With many thanks to mother's tankstation, Dublin and London; Anthony Wilkinson Gallery, London, and Tomio Koyama Gallery, Tokyo.
Biographies
Gabriella Boyd (b.1988, Glasgow) lives and works in London. She studied at Glasgow School of Art (2007-2011) and Royal Academy Schools, London (2014-2017). Previous exhibitions include Help Yourself, Blain|Southern (2018); Chumming, The Pipe Factory, Glasgow International (2018); Dreamers Awake, White Cube, London (2017), Royal Academy Schools Show (2017); Everyone is Rich Now Apparently, Supplement at 255 Canal St, New York (2017), and Gabriella Boyd & Marco Giordano, Art Park, Glasgow International (2016). Boyd was shortlisted for the John Moores Prize in 2016 and was commissioned by the Folio Society to illustrate a new edition of Sigmund Freud's The Interpretation of Dreams in 2015. She is currently taking part in The London Open 2018 at the Whitechapel Gallery, London.
Jadé Fadojutimi (b. 1993, London) lives and works in London. She received her BA from Slade School of Fine Art and her MA from Royal College of Art, London, where she was awarded the Hine Painting Prize 2017. Last year, she was shortlisted for the Contemporary British Painting Prize and the Griffin Art Prize. Fadojutimi had her first solo exhibition at Pippy Houldsworth Gallery in 2017. Fadojutimi has forthcoming solo exhibitions at Galerie Gisela Capitain, Cologne (late 2018) and PEER, London (early 2019).
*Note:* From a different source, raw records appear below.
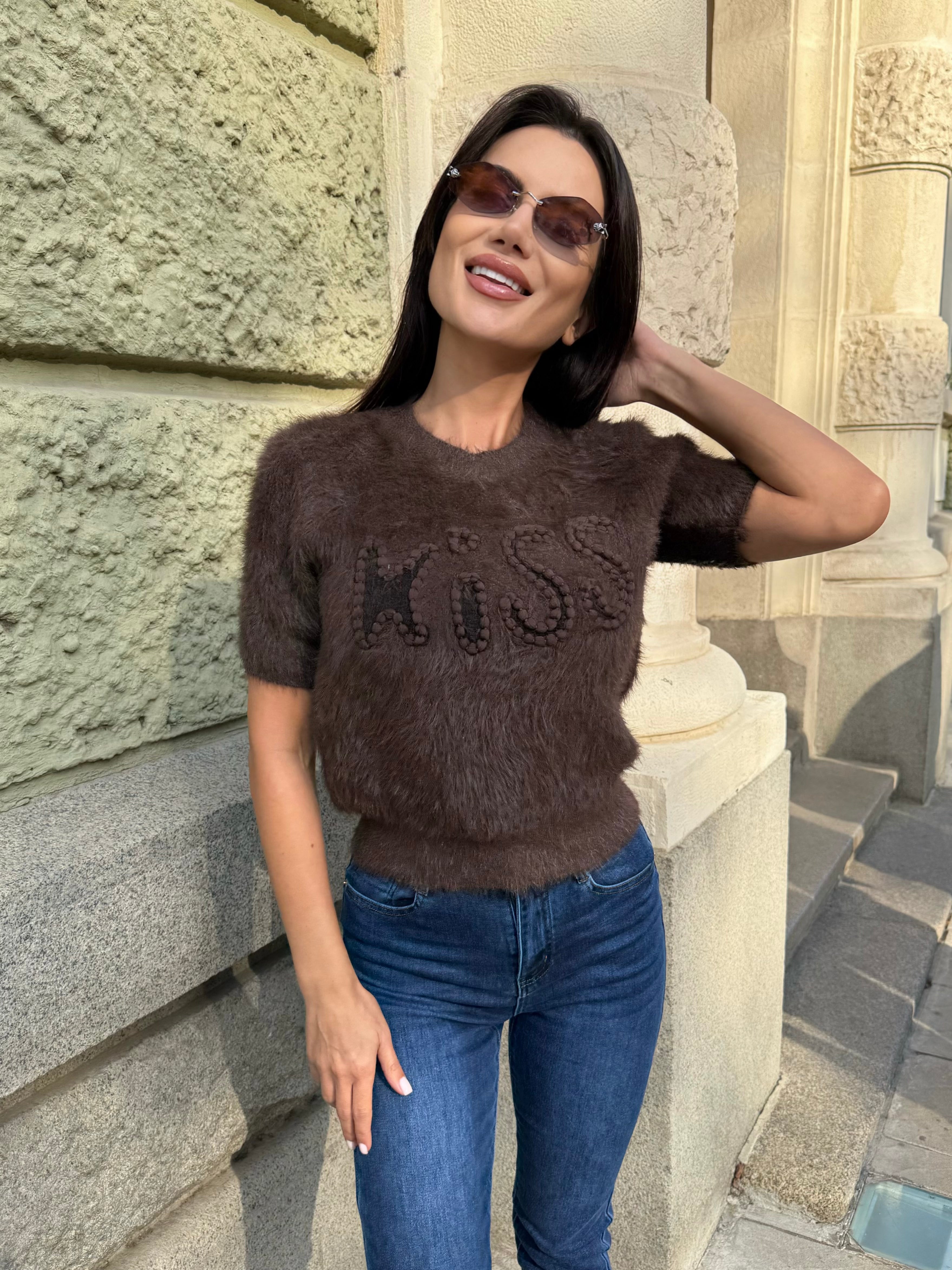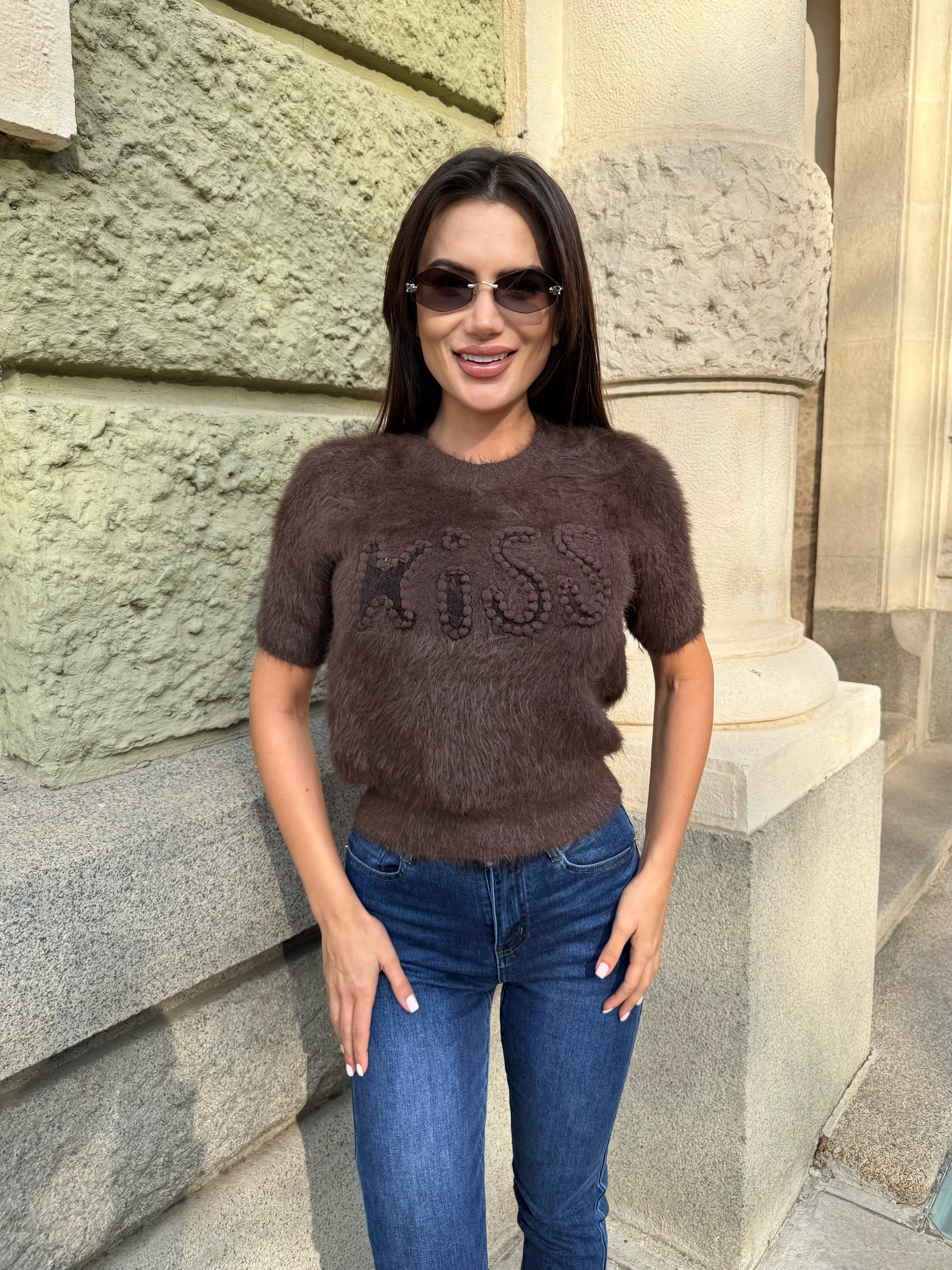 Стилен пуловер с надпис KISS, изработен от мека мъхеста материя, която придава деликатен обем и луксозно усещане. Моделът е с къса дължина и приляга красиво към тялото, подчертавайки талията. Идеален за ежедневен шик или за небрежно елегантна визия с дънки и ботуши.
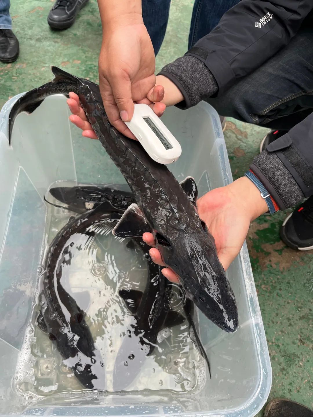经过一年半的人工饲养,这批“子2.5代”中华鲟鱼苗体态健硕,体长普遍达到50-80厘米,重约1-3公斤。
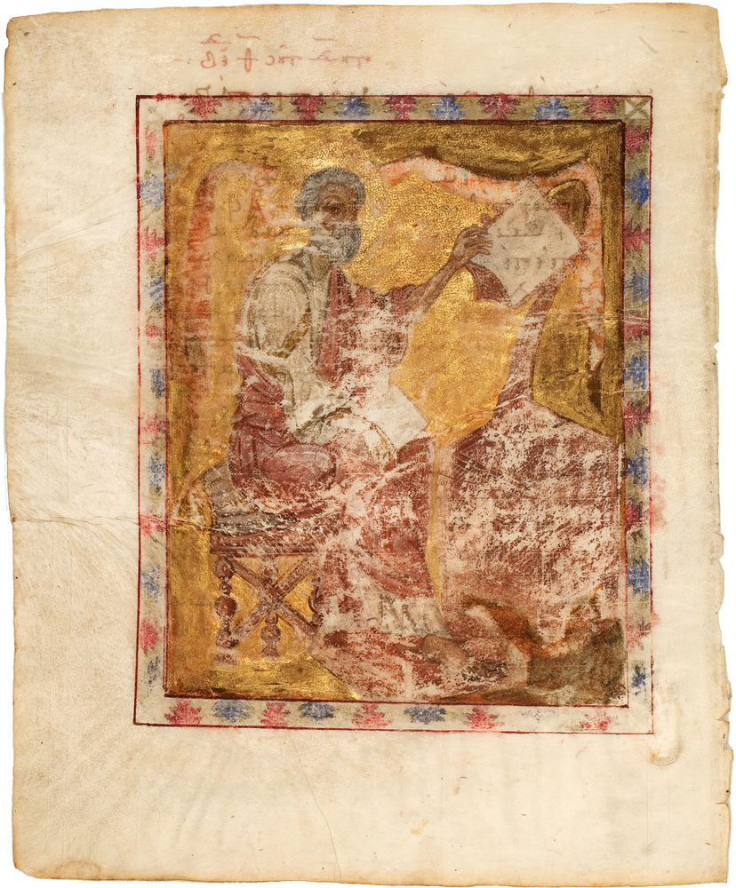 Boekfragment, miniatuur op perkament uit een Evangel...
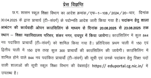 छत्तीसगढ़ शासन के स्कूल शिक्षा विभाग द्वारा प्राचार्य (टी-संवर्ग) के पदोन्नति आदेश 14 अगस्त को जारी कर दिए गए थे। अब इन प्राचार्यों की पोस्टिंग के लिए ओपन काउंसलिंग की प्रक्रिया सोमवार सुबह 10 बजे से शंकर नगर स्थित शासकीय शिक्षा महाविद्यालय परिसर में शुरू हो चुकी है।
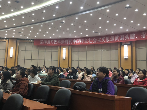 2018年11月30日,蜜桃视频 朱德荣书记在西教学楼报告厅为2018级新生做了一场别开生面的心理健康讲座。期间,朱书记向学生深入浅出地讲解了关于“潜意识六层次沟通”的相关知识,并与同学们亲切互动。讲座现场气氛热烈,同学们收获很大。朱德荣书记表示:作为蜜桃视频 学生名誉班主任,随时欢迎同学们向他咨询各类问题。
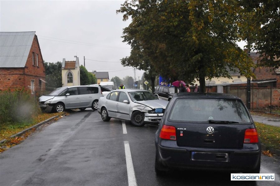 Trzy pojazdy uczestniczyły w kolizji, do której doszło w Nacławiu o godzinie 16.10. Kierujący seatem toledo, 35-letni mieszkaniec gminy Kościan, skręcając na posesję doprowadził do zderzenia z renaultem espace i volkswagenem golfem. Sprawcę ukarano mandatem w wysokości 500 zł.
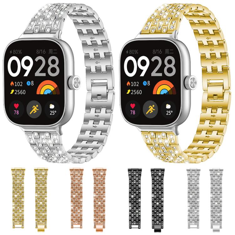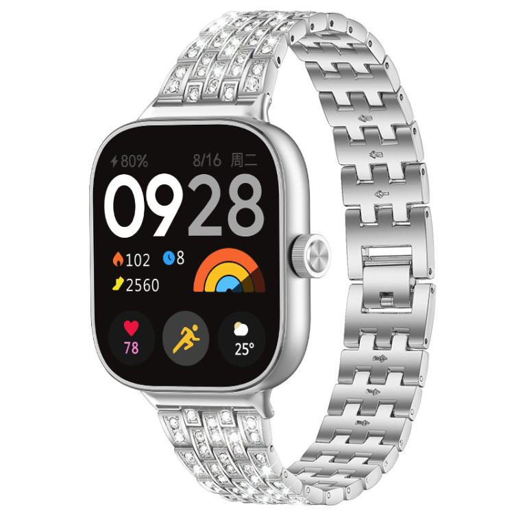Correa de reloj metálica con cinco cuentas y diamantes xDfind para Xiaomi Band 9 Pro/8 Pro/Redmi Watch 6/5/4 (plateada)
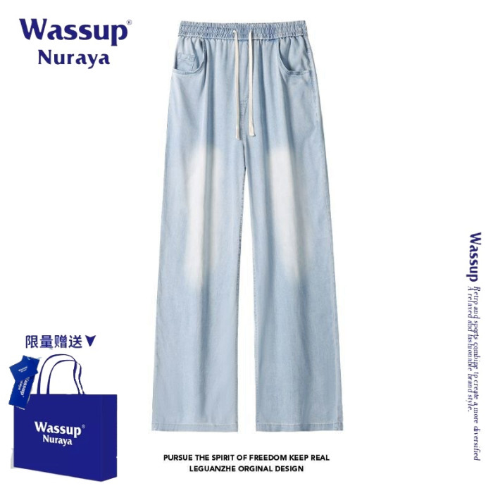 WASSUP NURAYA萊賽爾冰絲牛仔褲男夏季薄款涼感濶腿寬松垂感褲子
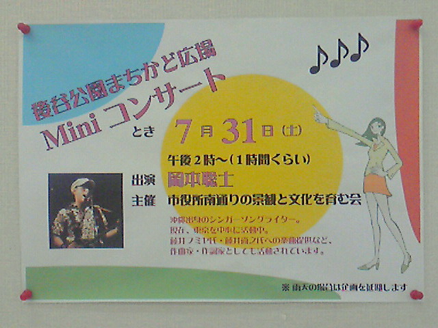 昨日は31日(土)に街角広場で岡村聡士さんのライブがある事を書きましたが、
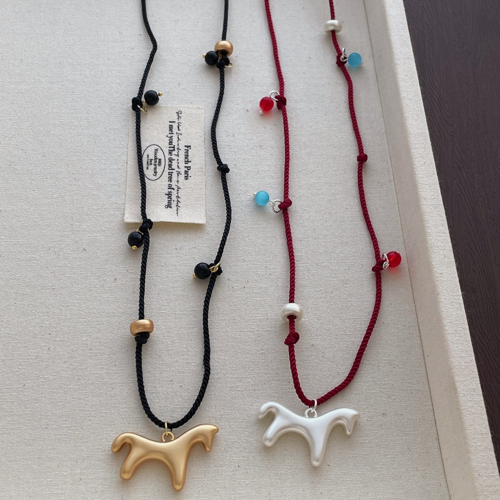 Niche Design High-End Fashionable Pony-Shaped Red Braided Rope Necklace Women's New Chinoiserie Retro Sweater Chain Necklace
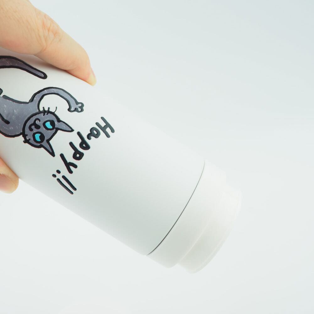 happy cat ハッピーキャット 水筒 ステンレス 真空 サーモボトル 魔法瓶 ロシアンブルー グレー猫 イラスト
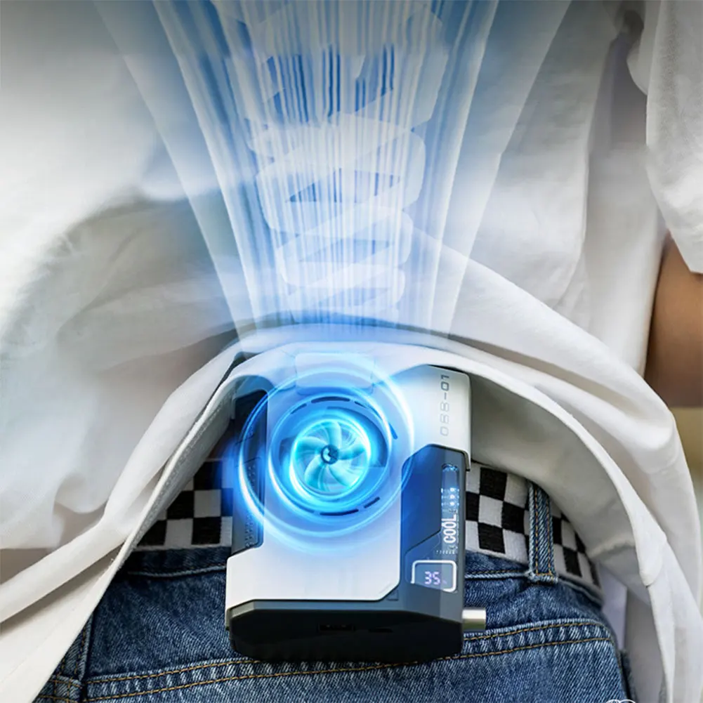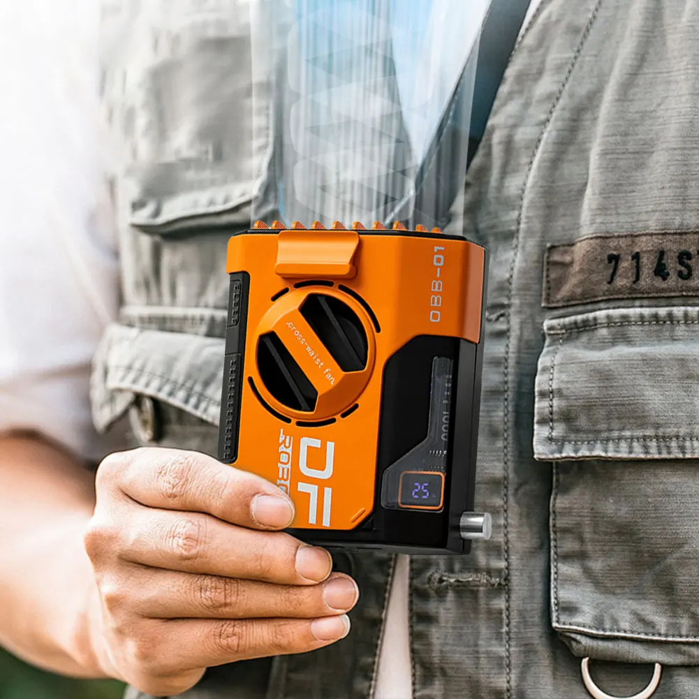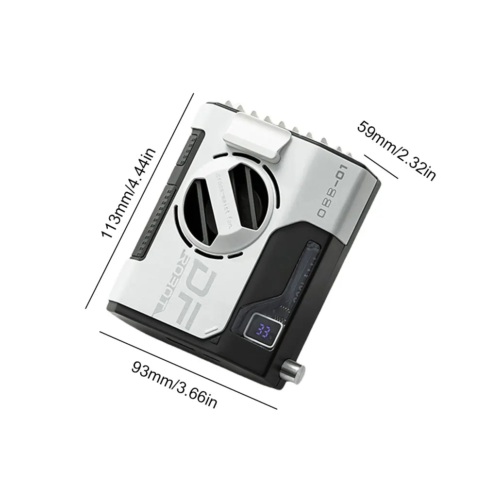 Portable Waist Fan Rechargeable 5 Speeds Outdoor Camping Fan LED Digital Display Personal Body Fan Strong Airflow As Power Bank for Outdoor Jobsite Climbing Hiking
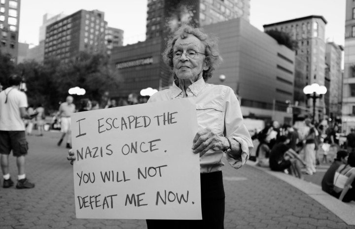 Después de que varios grupos de supremacistas blancos desataran la violencia y causaran la muerte de una persona en Charlottesville, Virginia (EE UU), cientos de personas se congregaron este domingo en ciudades de todo el país para manifestarse en contra del odio organizado. En Nueva York, se vio a una mujer con un impactante cartel que decía: "Escapé de los nazis una vez. No me venceréis ahora".
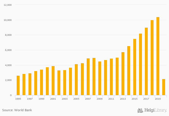 Historically, expenditure of international tourism in Israel reached an all time high of USD 10,389 mil in 2019 and an all time low of USD 2,175 mil in 2020.
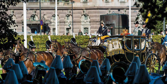 The Swedish royal family arrives by horse and carriage at the opening parliamentary session at the Riksdag parliamentary house on September 25, 2018 in Stockholm, Sweden.
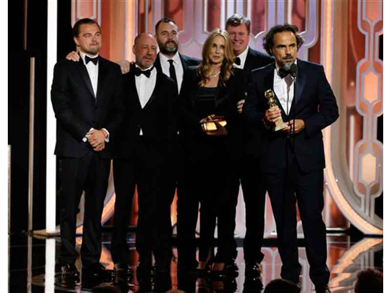 Leonardo DiCaprio tampoco se fue con las manos vacías, al ganar como Mejor Actor Dramático por 'The Revenant'
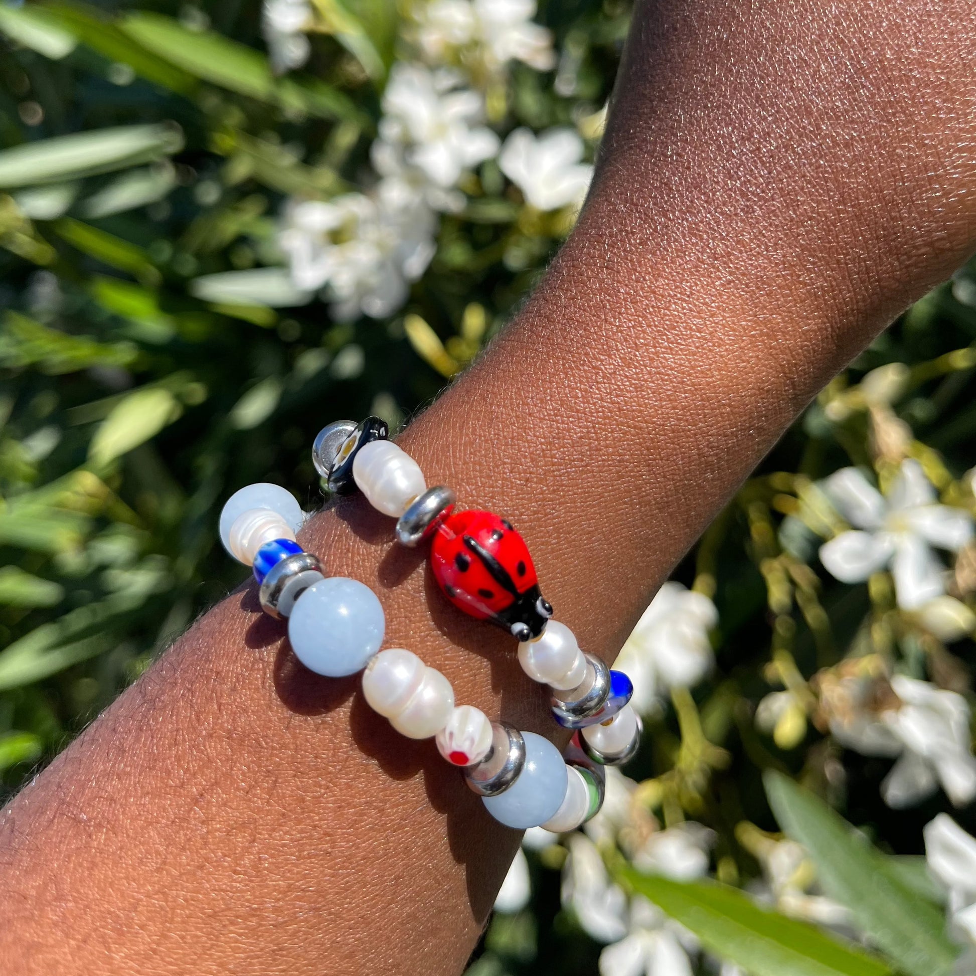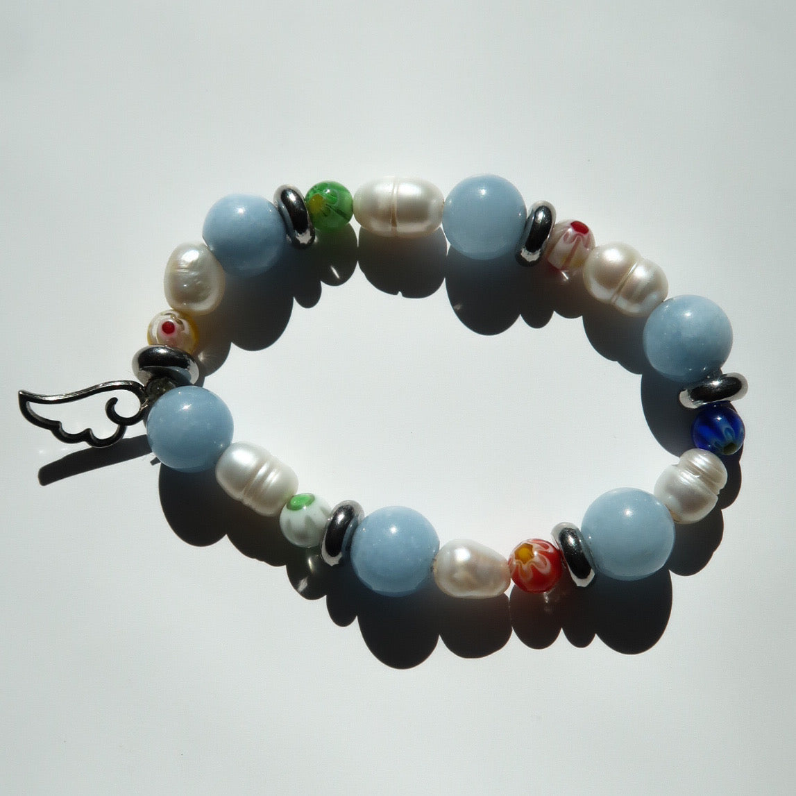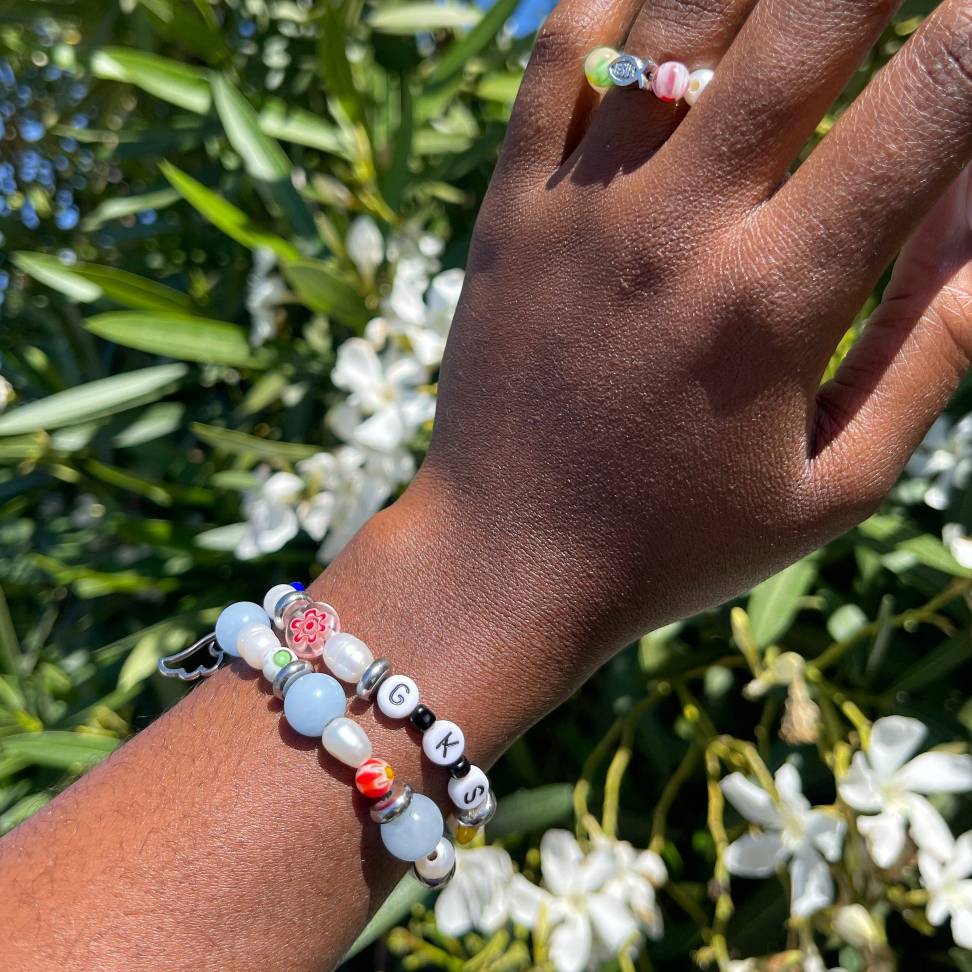 Our "water" bracelet is a one-of-a-kind statement piece made entirely of freshwater pearls, millefiori lampwork glass beads, either gold brass or silver steel spacer beads, and aquamarine gemstone beads sourced from Puerto Rico. This bracelet is stretchy and does not have clasps. To your preference, the bracelet can feature initials , numbers, or a word.

Maria Farrar (b. 1988, Philippines) lives and works in London. Currently, she has a solo exhibition with mother's tankstation, London and is included in the group exhibition Known Unknowns at Saatchi Gallery, London. Recent activities include a solo exhibition with Supplement Gallery, London, and a residency at the British School at Rome, awarded through the Derek Hill Foundation Scholarship (both 2016). Farrar also recently received the Melville Nettleship Prize at Slade School of Art, London, where she graduated with a Masters of Fine Art, Painting (2016). She received her BFA from Ruskin School of Art, Oxford (2012). Farrar is represented by mother's tankstation limited.
Makiko Kudo (b. 1978, Aomori Prefecture) lives and works in Kanagawa Prefecture, Japan. Kudo's paintings have been acquired by Modern Art Museum of Fort Worth; MOCA, Los Angeles; Olbricht Collection, Essen; UC Berkeley Art Museum and Pacific Film Archive; Japan Foundation; Takahashi Collection, Tokyo; Ulster Museum, Belfast, and Saatchi Gallery, London. Solo exhibitions include those at Tomio Koyama Gallery, Tokyo (2016) and Wilkinson Gallery, London (2015). Her work has been featured in group shows at Salon 94, New York; Shizuoka Prefectural Museum of Art, Shizuoka; Greene Naftali, New York; Garage Museum of Contemporary Art, Moscow; me Collectors Room Berlin; Metropolitan Opera, New York, and Modern Art Museum of Fort Worth.